Hanns Zischler über eine Stadt, die so rasend wuchs, so oft zerstört und wiederaufgebaut wurde wie keine andere.
Von Havarien, Architekturgeheimnissen, von Spaziergängern wider Willen und von der Eroberung des Grunewalds durch eine Herde Wildschweine
Seit gut vierzig Jahren bewegt sich Hanns Zischler fast ausschließlich zu Fuß, mit dem Fahrrad oder der S-Bahn durch Berlin. Kein Wunder, dass er einen ganz eigenen Blick auf die Stadt und ihre Geschichte entwickelt hat. Da ist vor allem eine Beobachtung: Zu der Stadt, die einst auf Sand und Sumpf gebaut wurde, gehört seit je eine gewisse Mischung aus Ausdehnungshunger, Größenwahn und Lust an der Selbstzerstörung.
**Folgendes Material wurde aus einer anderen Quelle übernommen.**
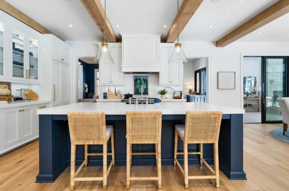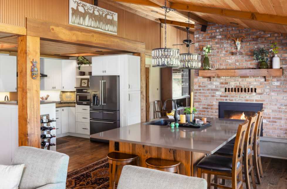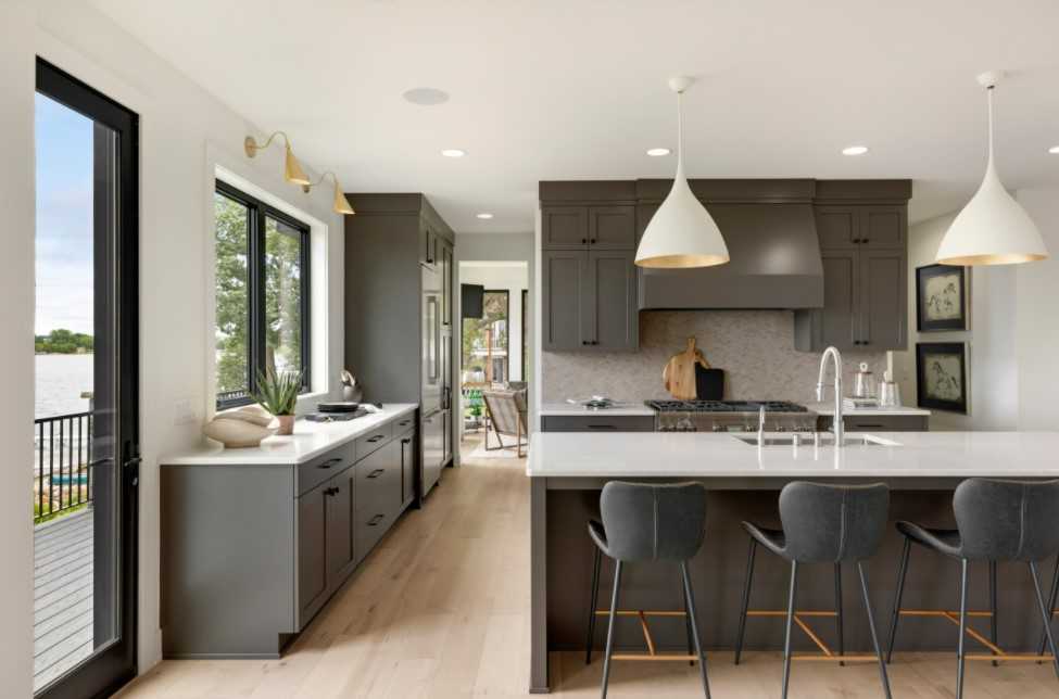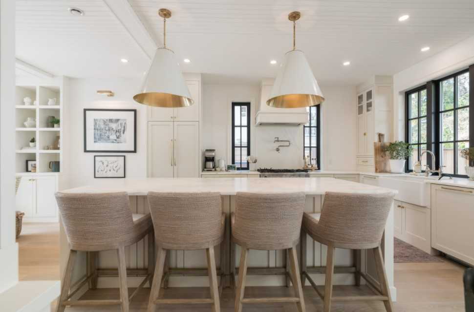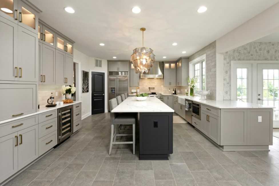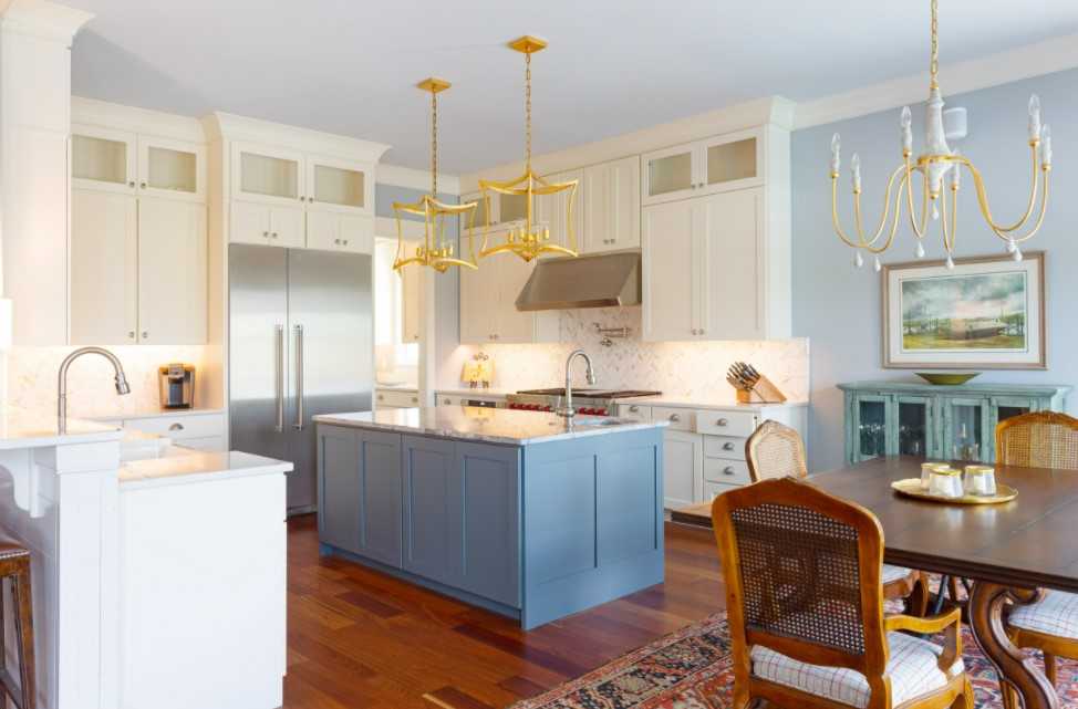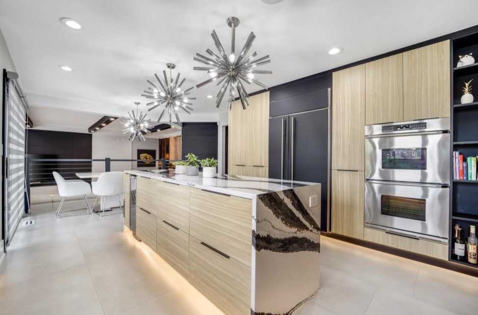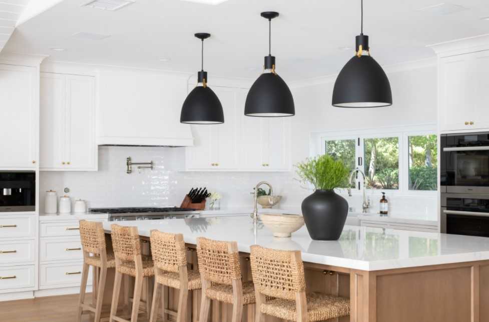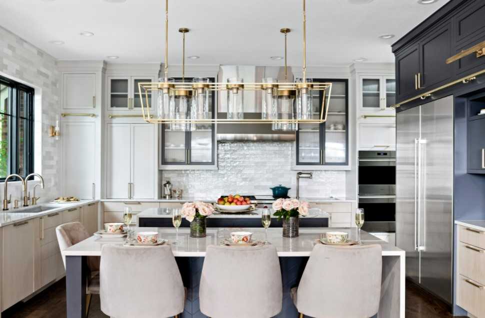 Шестой тренд в дизайне кухни 2022: теплое освещение и красивые люстры

Oder wie anders soll man es bezeichnen, wenn den Plänen des Architekten Schinkel fast alle vorhandenen barocken Ensembles Unter den Linden zum Opfer fallen? Oder die Bürogemeinschaft Hitler/Speer und der Germania-Plan: Wäre der Krieg den beiden nicht zuvorgekommen, hätte in ihrem Auftrag die Abrissbirne fast genauso schlimm gewütet. Hanns Zischler entführt seine Leser in ein weniger bekanntes Berlin, wenn er seine Spaziergänge mit denen des Stadtgeografen Friedrich Leyden, der Dichterin Gertrud Kolmar und des Passfälschers Oskar Huth verschränkt und dank der Aufzeichnungen der drei Stadtwanderer ein untergegangenes Berlin aufspürt. Er macht den Geist und die Geschichte der Stadt spürbar, wenn er auf den Teufelsberg im Grunewald wandert, an dessen Erde man nur leicht graben muss, um auf Scherben, Zinkblech und Klinker zu stoßen – Reste von Berliner Mietshäusern. Wer weiß schon, dass im Inneren des Teufelsbergs ein noch viel größeres Geheimnis schlummert?